Problem to solve:
The required output is the lines below from the line containing "تابلو دکوراتیو نقشه" to the line containing "Wittenberg's civic coat", inclusive, retyped exactly. No other lines belong in it.

Task input:
.....
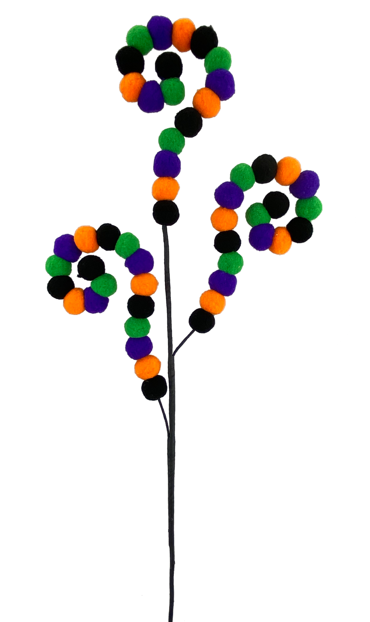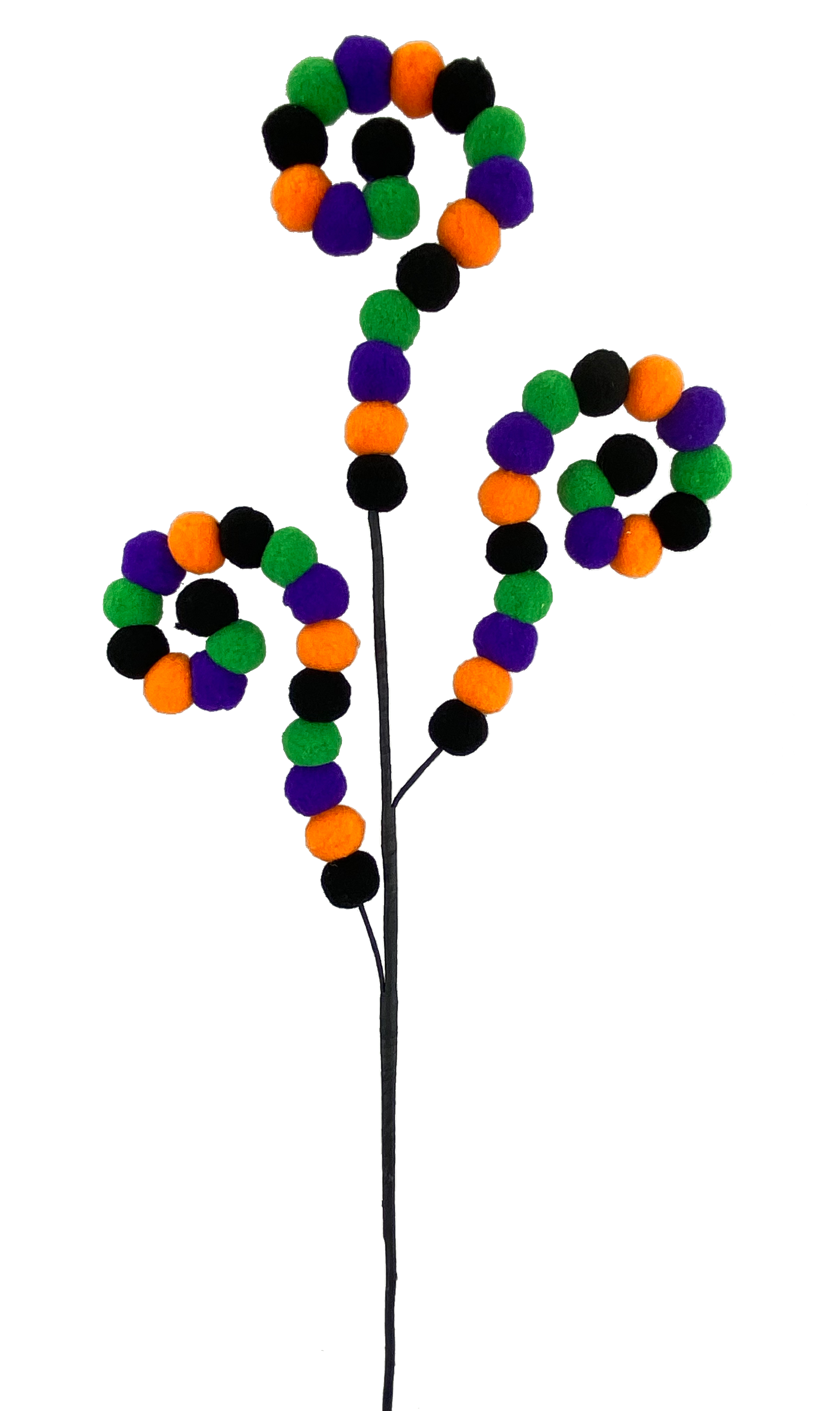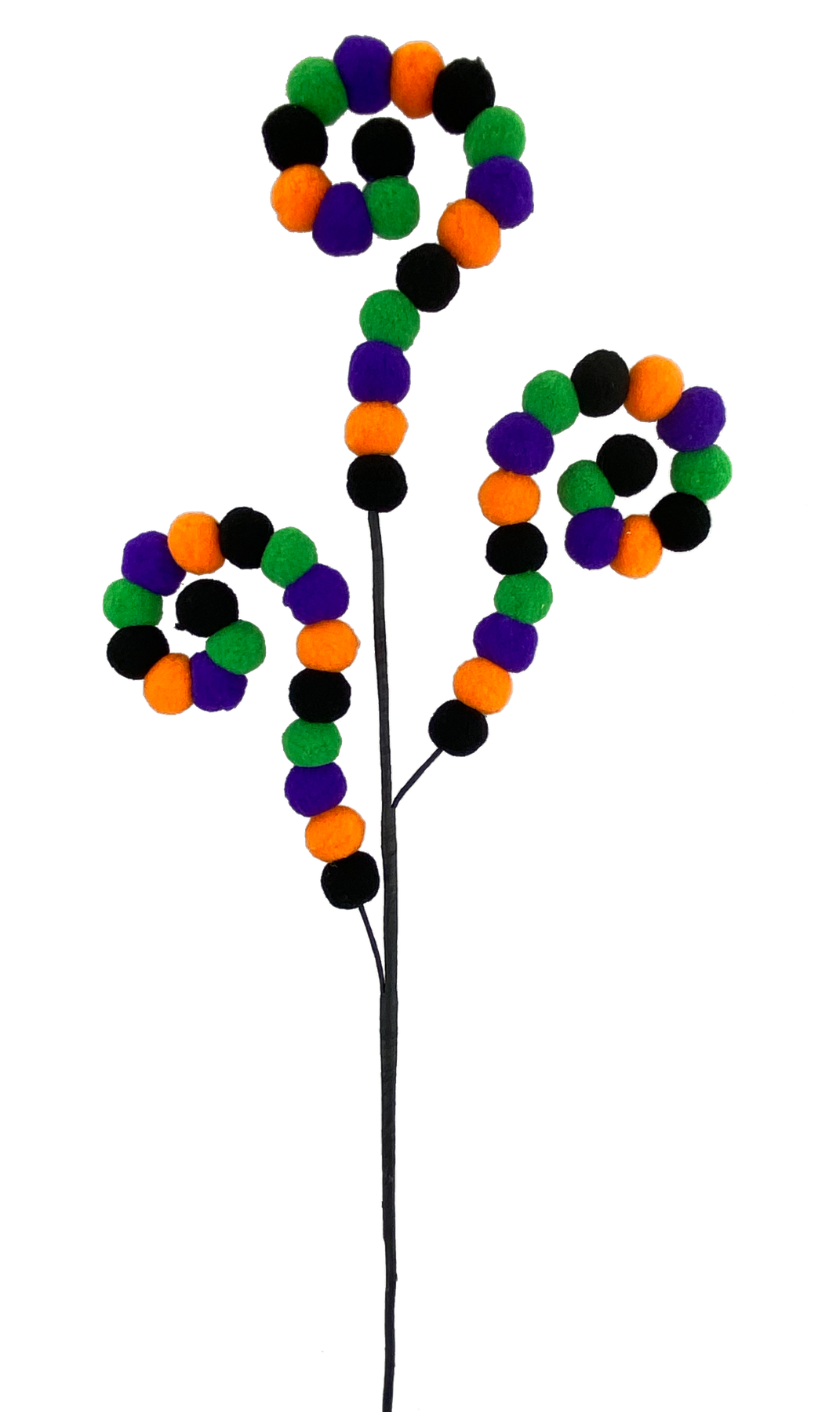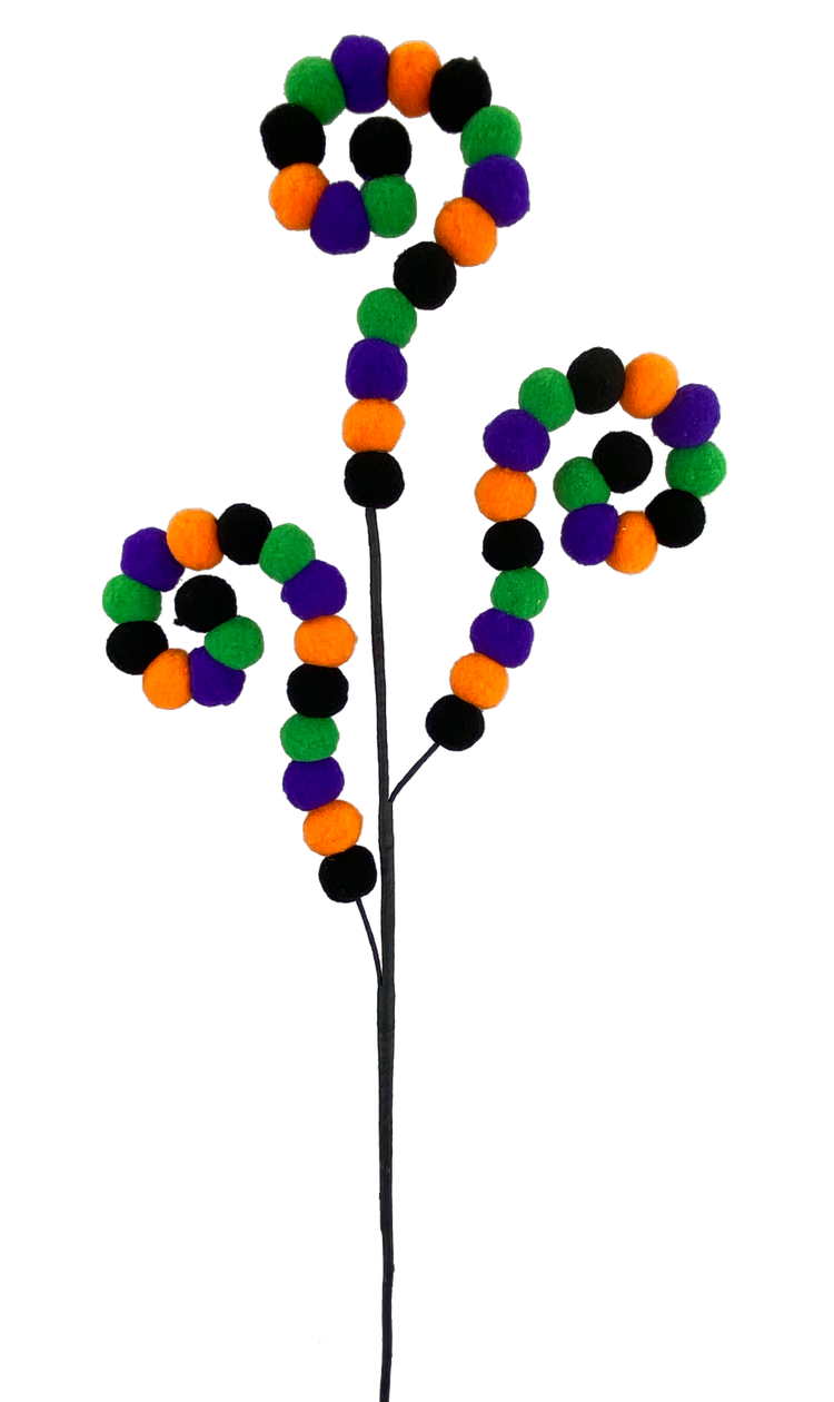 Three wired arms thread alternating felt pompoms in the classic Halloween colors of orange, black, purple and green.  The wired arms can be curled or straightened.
.....
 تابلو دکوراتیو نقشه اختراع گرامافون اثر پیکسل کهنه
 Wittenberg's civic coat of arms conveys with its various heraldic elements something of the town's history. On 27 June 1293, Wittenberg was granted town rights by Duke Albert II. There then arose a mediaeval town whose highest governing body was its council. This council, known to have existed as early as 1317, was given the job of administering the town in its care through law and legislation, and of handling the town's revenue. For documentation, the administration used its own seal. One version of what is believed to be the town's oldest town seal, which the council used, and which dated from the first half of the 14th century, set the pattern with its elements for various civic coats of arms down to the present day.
.....
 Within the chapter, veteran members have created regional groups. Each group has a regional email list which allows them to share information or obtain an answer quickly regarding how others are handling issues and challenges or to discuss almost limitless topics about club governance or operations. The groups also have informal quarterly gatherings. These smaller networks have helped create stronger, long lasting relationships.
.....
Solution below:
 تابلو دکوراتیو نقشه اختراع گرامافون اثر پیکسل کهنه
 Wittenberg's civic coat of arms conveys with its various heraldic elements something of the town's history. On 27 June 1293, Wittenberg was granted town rights by Duke Albert II. There then arose a mediaeval town whose highest governing body was its council. This council, known to have existed as early as 1317, was given the job of administering the town in its care through law and legislation, and of handling the town's revenue. For documentation, the administration used its own seal. One version of what is believed to be the town's oldest town seal, which the council used, and which dated from the first half of the 14th century, set the pattern with its elements for various civic coats of arms down to the present day.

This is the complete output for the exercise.